THE STALL in U.S.-North Korea negotiations was seeded in President Trump’s hasty and slipshod diplomacy with dictator Kim Jong Un this year. Mr. Trump impulsively agreed to a summit with Mr. Kim on the basis of vague assurances from South Korea, then rushed to carry it out without adequate preparation. At the Singapore meeting in June, Mr. Trump did not insist on a clear North Korean commitment to give up its nuclear weapons even as he pledged to “establish new . . . relations” with Pyongyang and “build a lasting and stable peace regime on the Korean Peninsula.” The predictable result is that North Korea is proceeding with its production of fissile material and missiles while demanding that Mr. Trump deliver on his promises.

In an attempt to regain some leverage, Mr. Trump last Friday announced the cancellation of a planned visit to Pyongyang by Secretary of State Mike Pompeo. But the president is in a bind of his own making. Encouraged by his grandiose declaration after Singapore that North Korea was “no longer a Nuclear Threat,” South Korea’s dovish government has pressed ahead with its own plans to expand economic ties with Pyongyang. President Moon Jae-in is backing Mr. Kim’s demand that the United States join in a declaration ending the Korean War. Pointing to the text of the deal Mr. Trump negotiated, North Korean negotiators insist that must come before any steps toward denuclearization.

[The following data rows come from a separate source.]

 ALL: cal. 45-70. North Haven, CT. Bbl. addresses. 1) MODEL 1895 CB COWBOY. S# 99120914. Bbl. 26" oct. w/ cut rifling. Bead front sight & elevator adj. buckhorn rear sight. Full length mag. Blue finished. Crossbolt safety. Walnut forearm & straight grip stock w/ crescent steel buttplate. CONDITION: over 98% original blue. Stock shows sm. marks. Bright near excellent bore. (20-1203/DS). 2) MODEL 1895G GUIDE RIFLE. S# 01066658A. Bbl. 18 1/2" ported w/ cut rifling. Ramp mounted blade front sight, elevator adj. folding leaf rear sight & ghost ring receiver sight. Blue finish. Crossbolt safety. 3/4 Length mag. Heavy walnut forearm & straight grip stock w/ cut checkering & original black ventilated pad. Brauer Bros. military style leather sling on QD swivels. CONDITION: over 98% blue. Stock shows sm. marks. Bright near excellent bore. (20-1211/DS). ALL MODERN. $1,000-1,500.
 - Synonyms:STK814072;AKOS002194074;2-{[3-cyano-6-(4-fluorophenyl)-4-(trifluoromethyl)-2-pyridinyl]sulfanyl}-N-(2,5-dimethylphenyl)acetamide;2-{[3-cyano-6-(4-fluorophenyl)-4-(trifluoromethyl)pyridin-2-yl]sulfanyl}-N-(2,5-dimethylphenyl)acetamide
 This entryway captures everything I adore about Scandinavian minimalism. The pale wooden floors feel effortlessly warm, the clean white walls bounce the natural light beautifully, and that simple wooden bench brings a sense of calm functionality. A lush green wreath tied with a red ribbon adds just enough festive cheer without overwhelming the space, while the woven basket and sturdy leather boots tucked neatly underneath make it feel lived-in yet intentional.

Mr. Trump sought to blame China for the impasse, tweeting , “I do not believe they are helping with the process of denuclearization as they once were” because of “our much tougher Trading stance.” But Mr. Trump himself condoned a loosening of Chinese sanctions enforcement back in June, saying “President Xi [Jinping] of China . . . has really closed up that border, maybe a little less so over the last couple of months, but that’s okay.” And if it is true that China has relaxed pressure on Pyongyang, Mr. Trump must bear responsibility. Senior Chinese officials say Mr. Trump reneged on a pledge not to initiate a trade war in exchange for Beijing’s help on North Korea.

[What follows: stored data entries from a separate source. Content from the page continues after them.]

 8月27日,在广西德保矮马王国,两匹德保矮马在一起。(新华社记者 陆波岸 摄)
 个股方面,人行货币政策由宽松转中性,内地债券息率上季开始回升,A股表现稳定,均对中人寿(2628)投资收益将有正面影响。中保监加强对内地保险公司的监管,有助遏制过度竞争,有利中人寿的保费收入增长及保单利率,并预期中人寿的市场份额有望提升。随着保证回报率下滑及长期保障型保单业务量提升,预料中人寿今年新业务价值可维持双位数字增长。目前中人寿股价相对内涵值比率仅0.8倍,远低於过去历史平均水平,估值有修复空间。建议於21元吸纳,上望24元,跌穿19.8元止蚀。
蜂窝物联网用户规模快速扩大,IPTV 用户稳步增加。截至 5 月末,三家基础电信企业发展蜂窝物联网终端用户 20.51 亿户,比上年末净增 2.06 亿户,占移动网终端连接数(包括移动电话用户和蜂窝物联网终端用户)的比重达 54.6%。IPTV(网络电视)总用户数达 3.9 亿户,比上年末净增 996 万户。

In Twitter posts last Friday, Mr. Trump further entangled the two issues, suggesting that negotiations with North Korea would “most likely” not resume until “after our Trading relationship with China is resolved.” But negotiations with China also appear stuck. Is it Mr. Trump’s intention to allow North Korea to keep building its capacity to strike the United States with nuclear weapons until China makes concessions on steel exports or technology transfers? That is a senseless and dangerous mix-up of unrelated objectives.

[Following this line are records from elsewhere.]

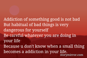 Addiction of something good is not bad But habitual of bad things is very dangerous for yourself Be careful whatever you are doing in your life Because u don't know when a small thing becomes a addiction in your life.
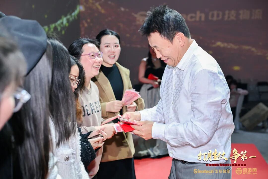 那些未抽中奖品的小伙伴们,迎来了张总带来的意外之喜。张总亲自为每一位小伙伴逐一递上现金,用这份贴心关怀,将年会的欢乐氛围推向了全新的高潮 。
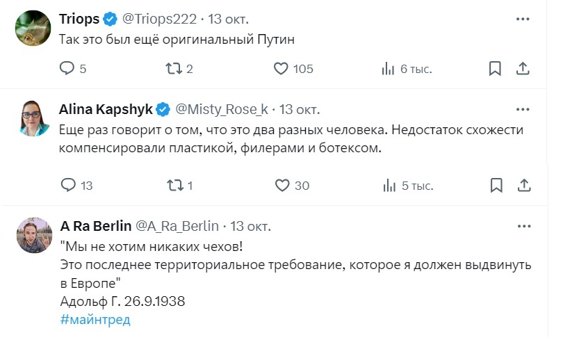 У соціальних мережах з’явилося архівне відео із заявами Путіна, який на той момент обіймав посаду прем’єр-міністра РФ. Під час телемосту «Москва – Київ» 9 жовтня 1999 року він зробив кілька заяв, які стосувалися Криму та України. Аудиторія була настільки вражена його словами, що передбачила реальну наявність двійників у глави Кремля. Фрагмент відео публікує Телеграм-каналУкраїна 365“.

The administration’s best hope of rescuing the situation is to return to talking with North Korea about an equitable tradeoff. To start the process of denuclearization, U.S. officials say the Kim regime must provide a complete inventory of its assets — warheads, production facilities and other nuclear infrastructure — and agree to inspections to verify it. Previous negotiations have broken down because of Pyongyang’s refusal to take this step, so a full disclosure would provide the first clear signal that Mr. Kim was serious about denuclearization. That, along with a freeze in the production of missiles and fissile materials, could justify U.S. participation in the end-of-conflict declaration the two Koreas are seeking.